=== Exercise objective ===
The data below should be transcribed in full, with no picture included.

=== Record excerpts ===

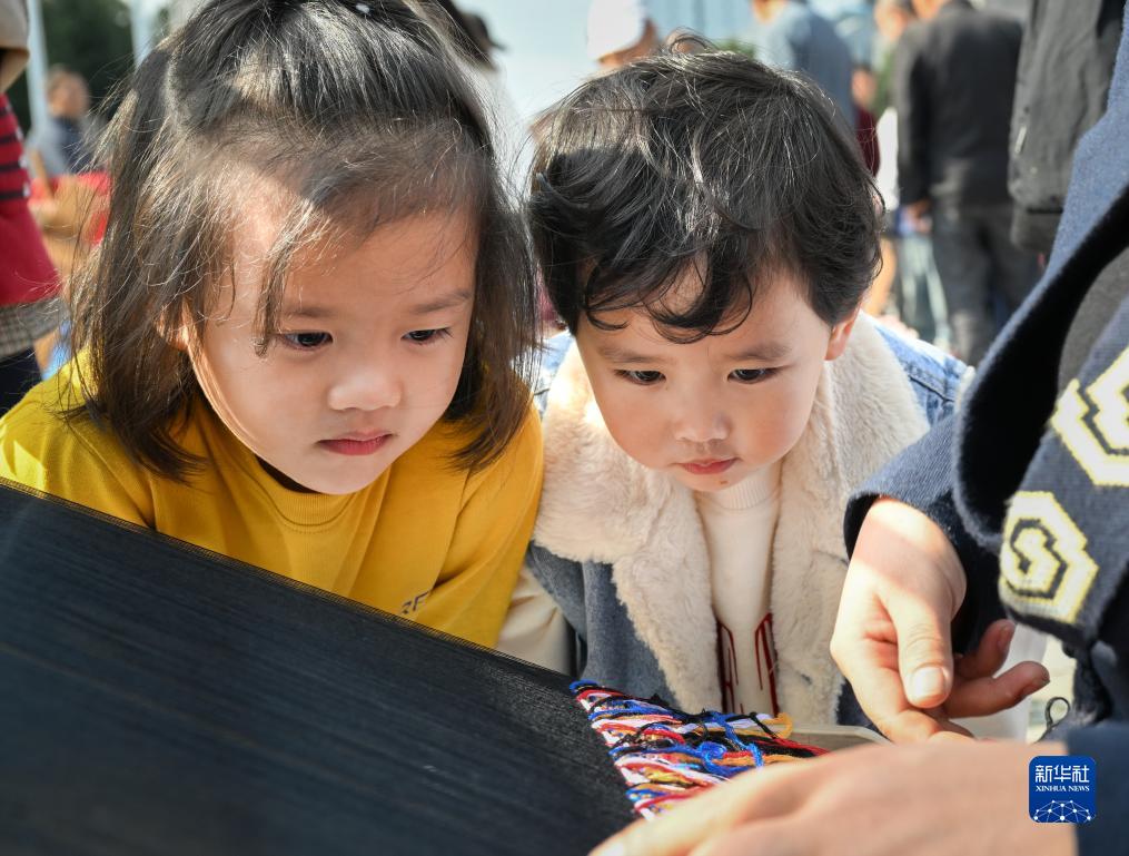 10月28日,小朋友在觀看“西蘭卡普”制作。
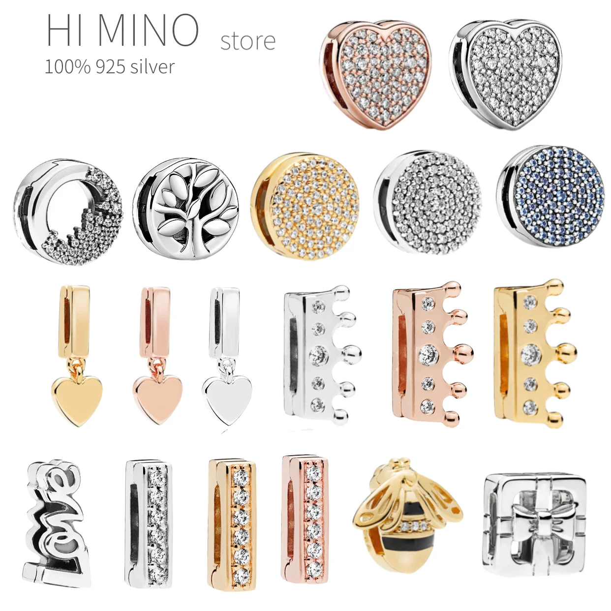 Серебряные бусины-зажимы для отражений S925, подвески, круглые хрустальные бусины, корона, сердце, луна, клевер, луна, подходят для оригинального женского браслета Pando
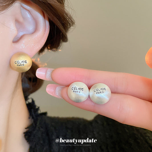 A廠【HE22820】真金電鍍925銀針金屬風拉絲字母圓球耳環時尚設計感耳環輕奢潮流耳飾 24.10-2
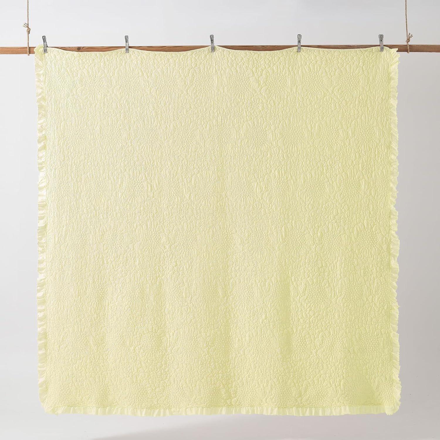 Light Yellow Ruffled Quilt Queen Size, Stone-Washed Microfiber Lightweight Crinkled Farmhouse Rustic Shabby Chic Bedding Set, 3 Pieces Reversible Bedspread Coverlet with Pillow Shams for All Season
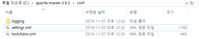 그게 아니라면 Maven 설치 압축파일을 푼곳에 config 디렉토리에 settings.xml이 존재한다.
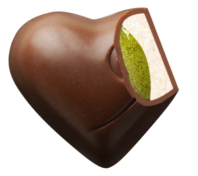 ・甘く上品な香りのシャインマスカットソースとバニラホイップをミルクチョコレートで包んだハート型のセンターインチョコレート
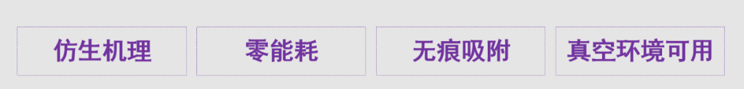VFC范德華力吸盤靈感來自于對壁虎腳掌微觀特征的觀測和模仿,通過特殊的聚合物材料和um級的表面微觀成型工藝,使吸盤能夠與各種物體表面產(chǎn)生強烈的分子間作用力,吸附力強度可達0.5kg/cm2。得益于其特殊的吸附機理,無需供電、供氣或編程,簡單可靠,能夠吸附多孔工件,甚至在真空環(huán)境下正常使用,且工件表面無印記殘留,極大的拓展了自動化設(shè)備的應(yīng)用范疇。
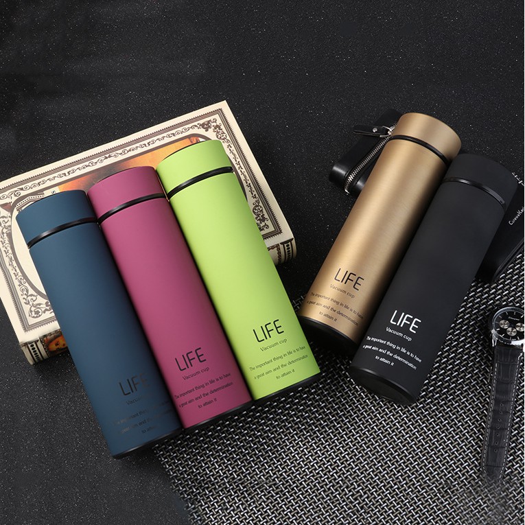 Bình nước giữ nhiệt Life 500ml chất liệu inox 304 cao cấp chống gỉ sét, nắp đậy kín, giữ nhiệt lâu từ 6-12h, phù hợp sử dụng tại văn phòng- Kích thước: 23cm x 6.5cm

=== Result for this exercise ===
 10月28日,小朋友在觀看“西蘭卡普”制作。
 Серебряные бусины-зажимы для отражений S925, подвески, круглые хрустальные бусины, корона, сердце, луна, клевер, луна, подходят для оригинального женского браслета Pando
 A廠【HE22820】真金電鍍925銀針金屬風拉絲字母圓球耳環時尚設計感耳環輕奢潮流耳飾 24.10-2
 Light Yellow Ruffled Quilt Queen Size, Stone-Washed Microfiber Lightweight Crinkled Farmhouse Rustic Shabby Chic Bedding Set, 3 Pieces Reversible Bedspread Coverlet with Pillow Shams for All Season
 그게 아니라면 Maven 설치 압축파일을 푼곳에 config 디렉토리에 settings.xml이 존재한다.
 ・甘く上品な香りのシャインマスカットソースとバニラホイップをミルクチョコレートで包んだハート型のセンターインチョコレート
VFC范德華力吸盤靈感來自于對壁虎腳掌微觀特征的觀測和模仿,通過特殊的聚合物材料和um級的表面微觀成型工藝,使吸盤能夠與各種物體表面產(chǎn)生強烈的分子間作用力,吸附力強度可達0.5kg/cm2。得益于其特殊的吸附機理,無需供電、供氣或編程,簡單可靠,能夠吸附多孔工件,甚至在真空環(huán)境下正常使用,且工件表面無印記殘留,極大的拓展了自動化設(shè)備的應(yīng)用范疇。
 Bình nước giữ nhiệt Life 500ml chất liệu inox 304 cao cấp chống gỉ sét, nắp đậy kín, giữ nhiệt lâu từ 6-12h, phù hợp sử dụng tại văn phòng- Kích thước: 23cm x 6.5cm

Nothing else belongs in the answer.